> [THE TASK]: Your answer should hold exactly the lines beginning with the one that contains "The perfect tank" and ending with the last line of the material, both included. Leave every picture out.

━━━━━ DATA BLOCK ━━━━━

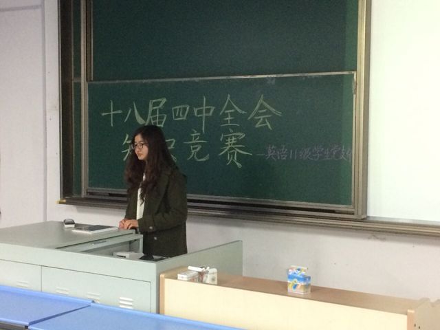 11月19日晚,外语学院英语11级毕业班学生党支部在松江校区第二教学楼举办十八届四中全会精神知识竞赛。支部成员分为两组,竞赛分为两个部分。
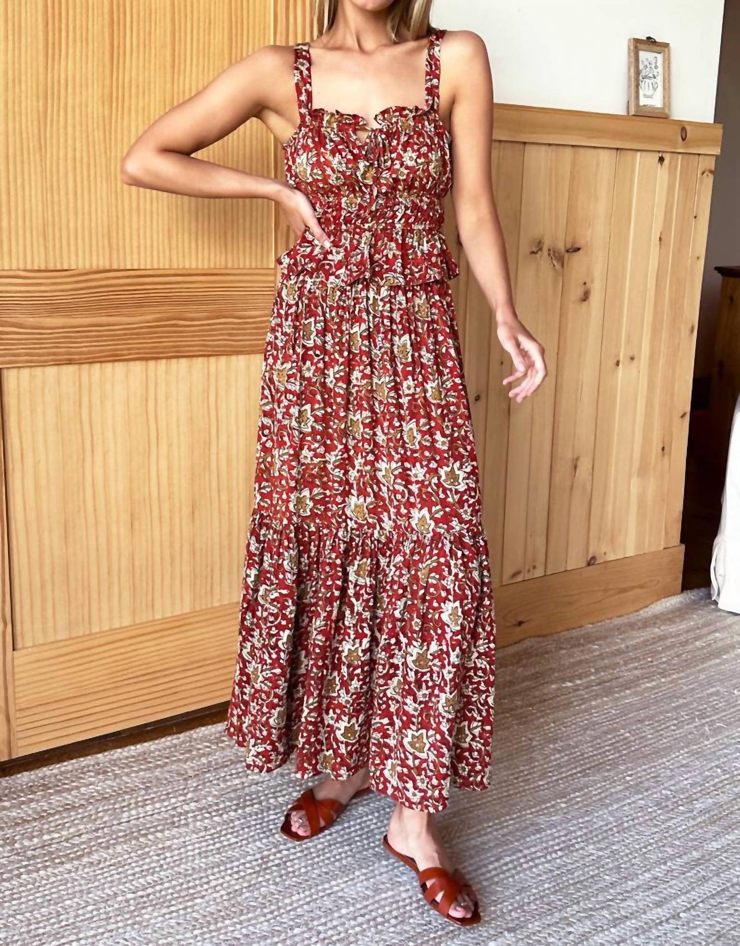 The perfect tank top for those warmer weather seasons. Elevate your summer wardrobe with the Pipa Sun Top by EMERSON FRY, a captivating sleeveless piece in Navi. This tank top showcases a luxurious Satin Modal material featuring a hand-block print with a boho chic flair. The design includes a ruffled square neckline and a keyhole opening with a tie, complemented by a shirred elastic waist for a flattering fit. Closure: Pull on styling.
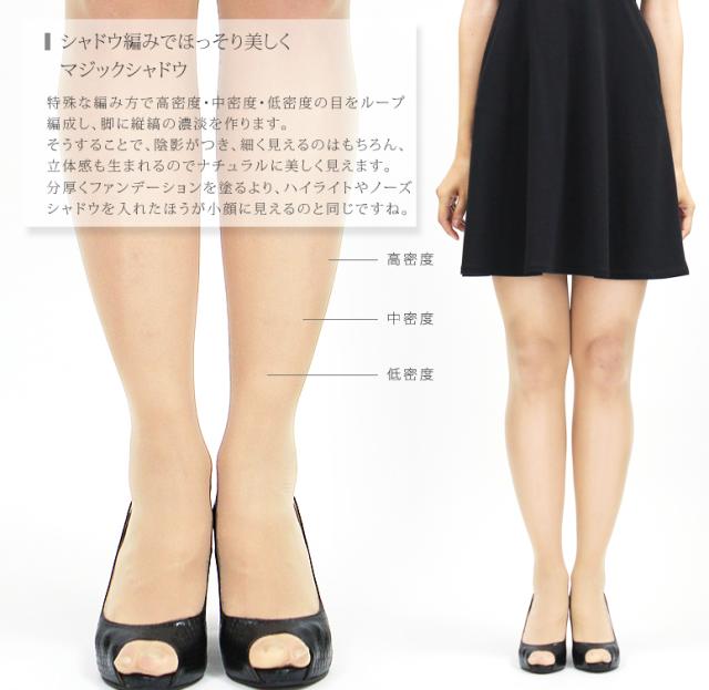 ![]() | ■マジックシャドウ 特殊な編み方(※)で脚に縦縞の濃淡を作り、 光のマジックで脚ほっそり。 (※特許第2928762号) |

━━━━━

> [SOLUTION TO THIS TASK]:
 The perfect tank top for those warmer weather seasons. Elevate your summer wardrobe with the Pipa Sun Top by EMERSON FRY, a captivating sleeveless piece in Navi. This tank top showcases a luxurious Satin Modal material featuring a hand-block print with a boho chic flair. The design includes a ruffled square neckline and a keyhole opening with a tie, complemented by a shirred elastic waist for a flattering fit. Closure: Pull on styling.
 ![]() | ■マジックシャドウ 特殊な編み方(※)で脚に縦縞の濃淡を作り、 光のマジックで脚ほっそり。 (※特許第2928762号) |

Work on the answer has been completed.